- WORK ORDER
Reproduce the listing word for word. Skip any image.

- DATA EXCERPT
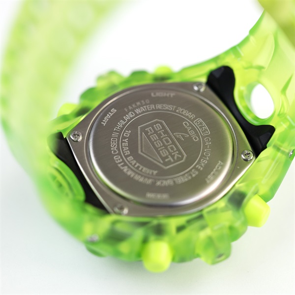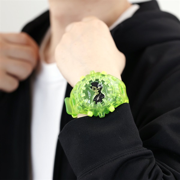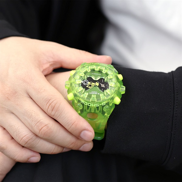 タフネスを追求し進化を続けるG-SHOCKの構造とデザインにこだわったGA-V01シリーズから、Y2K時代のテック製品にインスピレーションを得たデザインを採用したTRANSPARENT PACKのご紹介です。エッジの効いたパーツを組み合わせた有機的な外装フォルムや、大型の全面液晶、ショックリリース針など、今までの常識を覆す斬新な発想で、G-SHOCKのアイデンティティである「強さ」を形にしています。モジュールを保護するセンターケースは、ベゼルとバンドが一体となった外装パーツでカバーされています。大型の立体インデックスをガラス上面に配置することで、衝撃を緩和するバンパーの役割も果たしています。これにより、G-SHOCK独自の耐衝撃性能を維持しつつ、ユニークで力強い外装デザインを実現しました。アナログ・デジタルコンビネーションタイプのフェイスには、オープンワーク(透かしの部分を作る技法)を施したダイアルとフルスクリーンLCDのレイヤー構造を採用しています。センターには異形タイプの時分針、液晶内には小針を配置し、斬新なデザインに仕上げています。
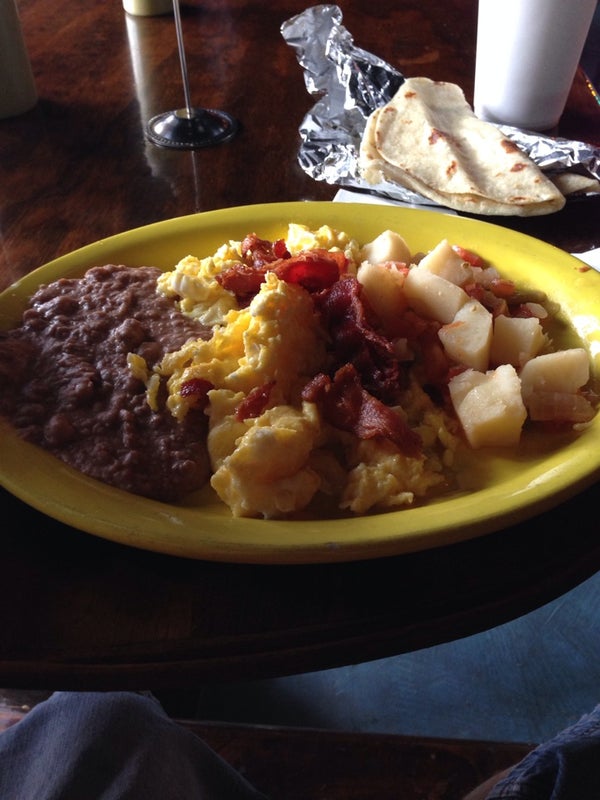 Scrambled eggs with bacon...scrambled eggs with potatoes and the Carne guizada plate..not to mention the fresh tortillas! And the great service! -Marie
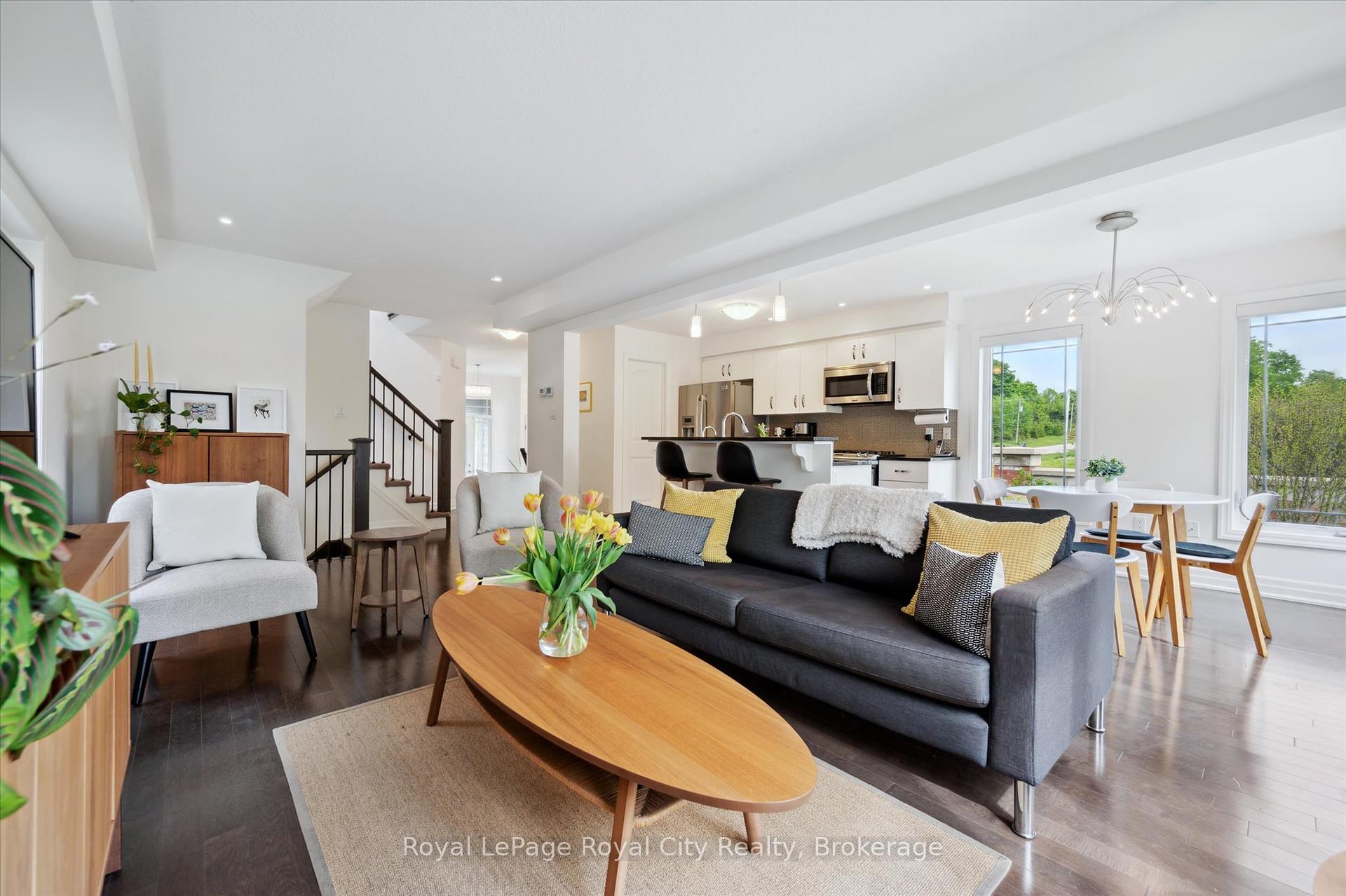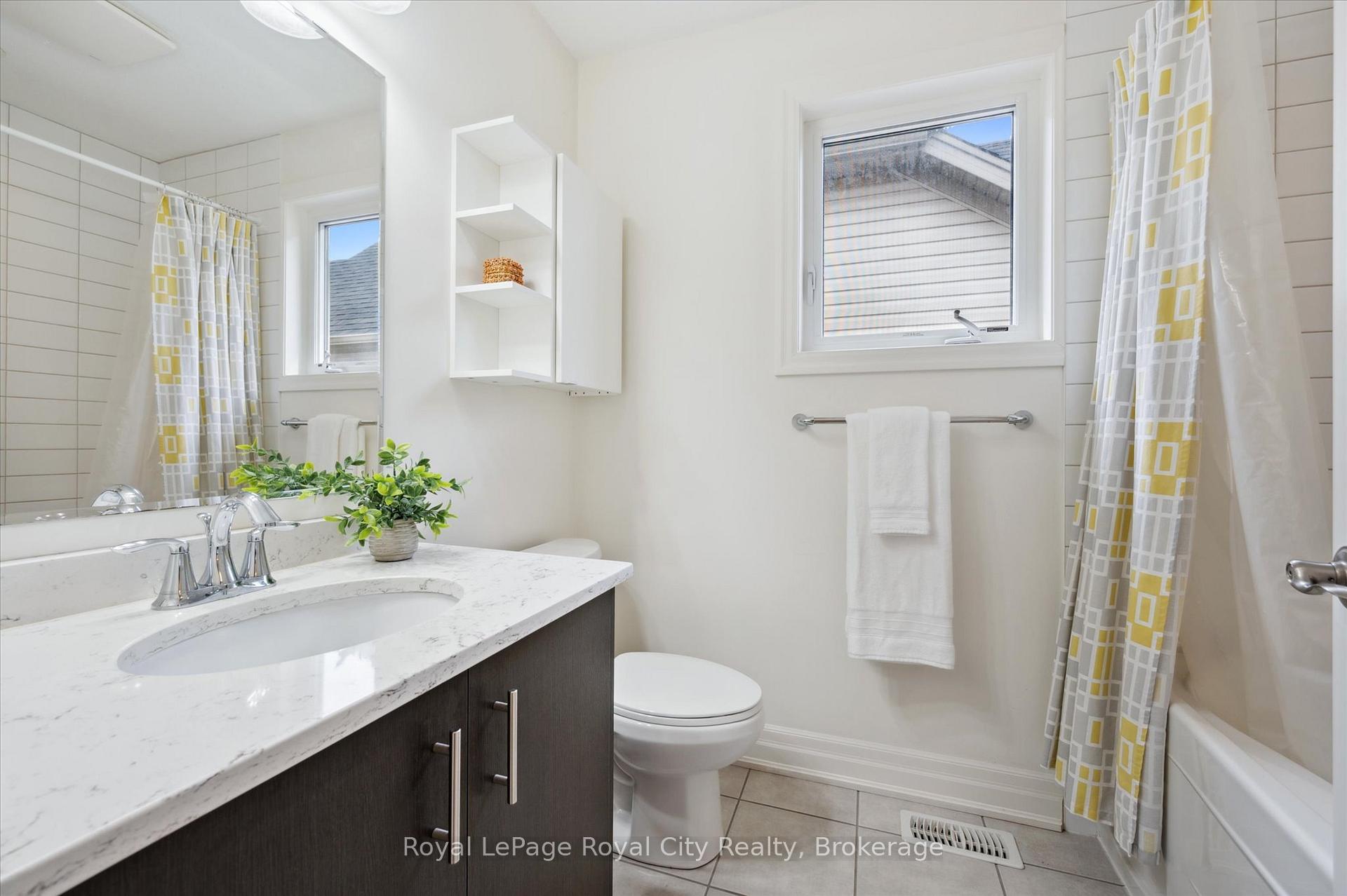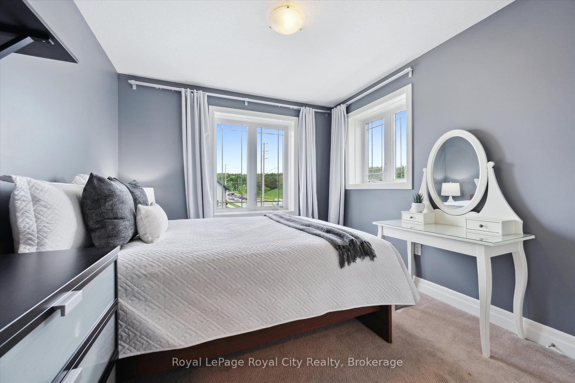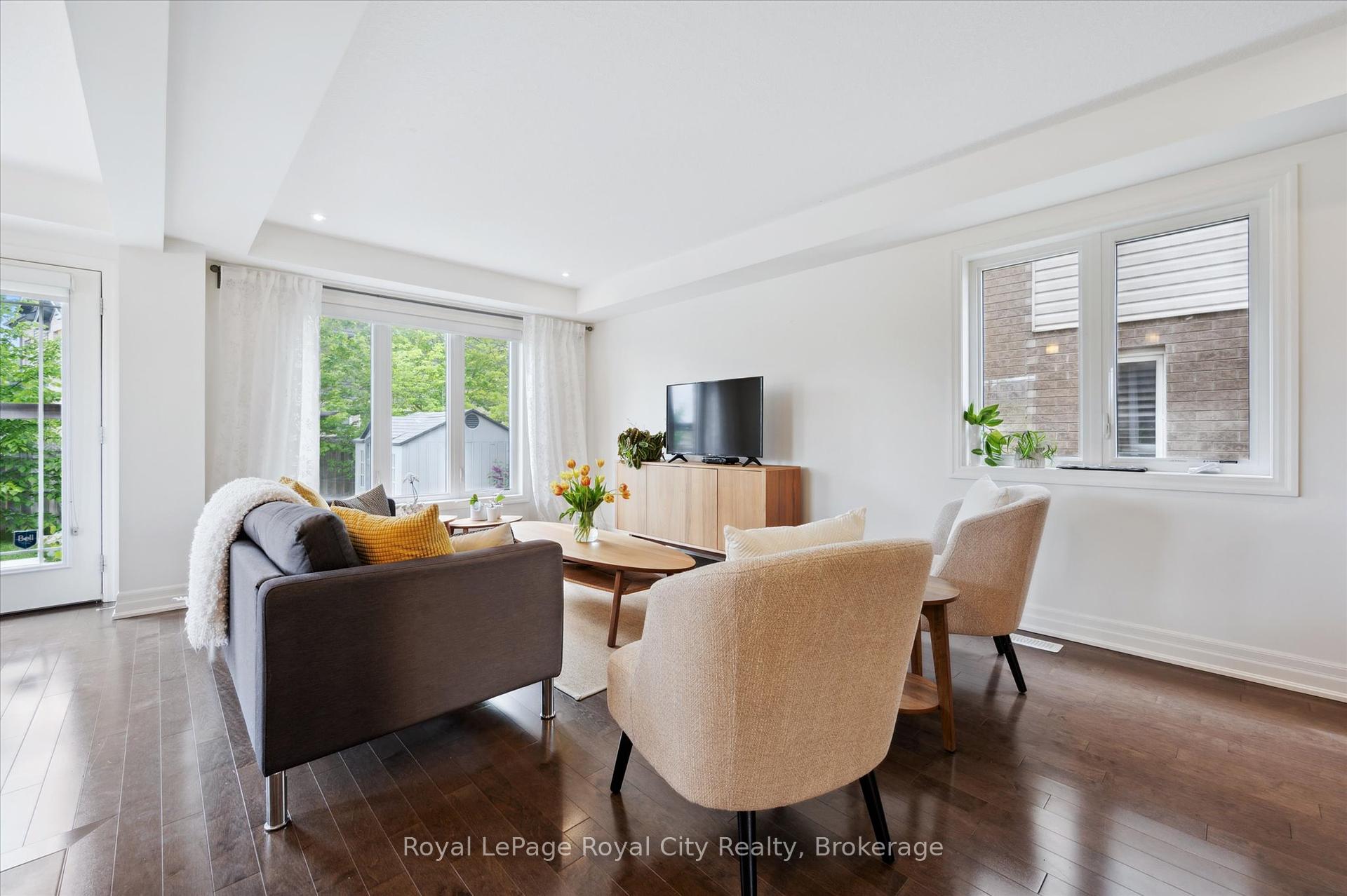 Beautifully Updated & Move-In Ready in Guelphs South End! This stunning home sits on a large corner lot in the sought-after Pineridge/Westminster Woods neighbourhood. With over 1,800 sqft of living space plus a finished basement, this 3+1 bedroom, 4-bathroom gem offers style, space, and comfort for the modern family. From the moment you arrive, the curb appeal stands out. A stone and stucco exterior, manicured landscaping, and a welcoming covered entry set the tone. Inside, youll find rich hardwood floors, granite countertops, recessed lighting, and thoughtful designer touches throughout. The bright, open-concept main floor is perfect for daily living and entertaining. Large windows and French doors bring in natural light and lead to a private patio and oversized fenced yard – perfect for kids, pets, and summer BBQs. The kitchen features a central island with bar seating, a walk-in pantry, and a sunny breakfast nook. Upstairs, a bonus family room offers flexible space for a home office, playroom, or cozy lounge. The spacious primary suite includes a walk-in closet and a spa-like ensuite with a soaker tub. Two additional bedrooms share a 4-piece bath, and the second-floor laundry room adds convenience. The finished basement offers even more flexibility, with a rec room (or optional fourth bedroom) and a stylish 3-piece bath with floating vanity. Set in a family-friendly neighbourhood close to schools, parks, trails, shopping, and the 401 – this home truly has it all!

- ANSWER TO THIS PROBLEM
 タフネスを追求し進化を続けるG-SHOCKの構造とデザインにこだわったGA-V01シリーズから、Y2K時代のテック製品にインスピレーションを得たデザインを採用したTRANSPARENT PACKのご紹介です。エッジの効いたパーツを組み合わせた有機的な外装フォルムや、大型の全面液晶、ショックリリース針など、今までの常識を覆す斬新な発想で、G-SHOCKのアイデンティティである「強さ」を形にしています。モジュールを保護するセンターケースは、ベゼルとバンドが一体となった外装パーツでカバーされています。大型の立体インデックスをガラス上面に配置することで、衝撃を緩和するバンパーの役割も果たしています。これにより、G-SHOCK独自の耐衝撃性能を維持しつつ、ユニークで力強い外装デザインを実現しました。アナログ・デジタルコンビネーションタイプのフェイスには、オープンワーク(透かしの部分を作る技法)を施したダイアルとフルスクリーンLCDのレイヤー構造を採用しています。センターには異形タイプの時分針、液晶内には小針を配置し、斬新なデザインに仕上げています。
 Scrambled eggs with bacon...scrambled eggs with potatoes and the Carne guizada plate..not to mention the fresh tortillas! And the great service! -Marie
 Beautifully Updated & Move-In Ready in Guelphs South End! This stunning home sits on a large corner lot in the sought-after Pineridge/Westminster Woods neighbourhood. With over 1,800 sqft of living space plus a finished basement, this 3+1 bedroom, 4-bathroom gem offers style, space, and comfort for the modern family. From the moment you arrive, the curb appeal stands out. A stone and stucco exterior, manicured landscaping, and a welcoming covered entry set the tone. Inside, youll find rich hardwood floors, granite countertops, recessed lighting, and thoughtful designer touches throughout. The bright, open-concept main floor is perfect for daily living and entertaining. Large windows and French doors bring in natural light and lead to a private patio and oversized fenced yard – perfect for kids, pets, and summer BBQs. The kitchen features a central island with bar seating, a walk-in pantry, and a sunny breakfast nook. Upstairs, a bonus family room offers flexible space for a home office, playroom, or cozy lounge. The spacious primary suite includes a walk-in closet and a spa-like ensuite with a soaker tub. Two additional bedrooms share a 4-piece bath, and the second-floor laundry room adds convenience. The finished basement offers even more flexibility, with a rec room (or optional fourth bedroom) and a stylish 3-piece bath with floating vanity. Set in a family-friendly neighbourhood close to schools, parks, trails, shopping, and the 401 – this home truly has it all!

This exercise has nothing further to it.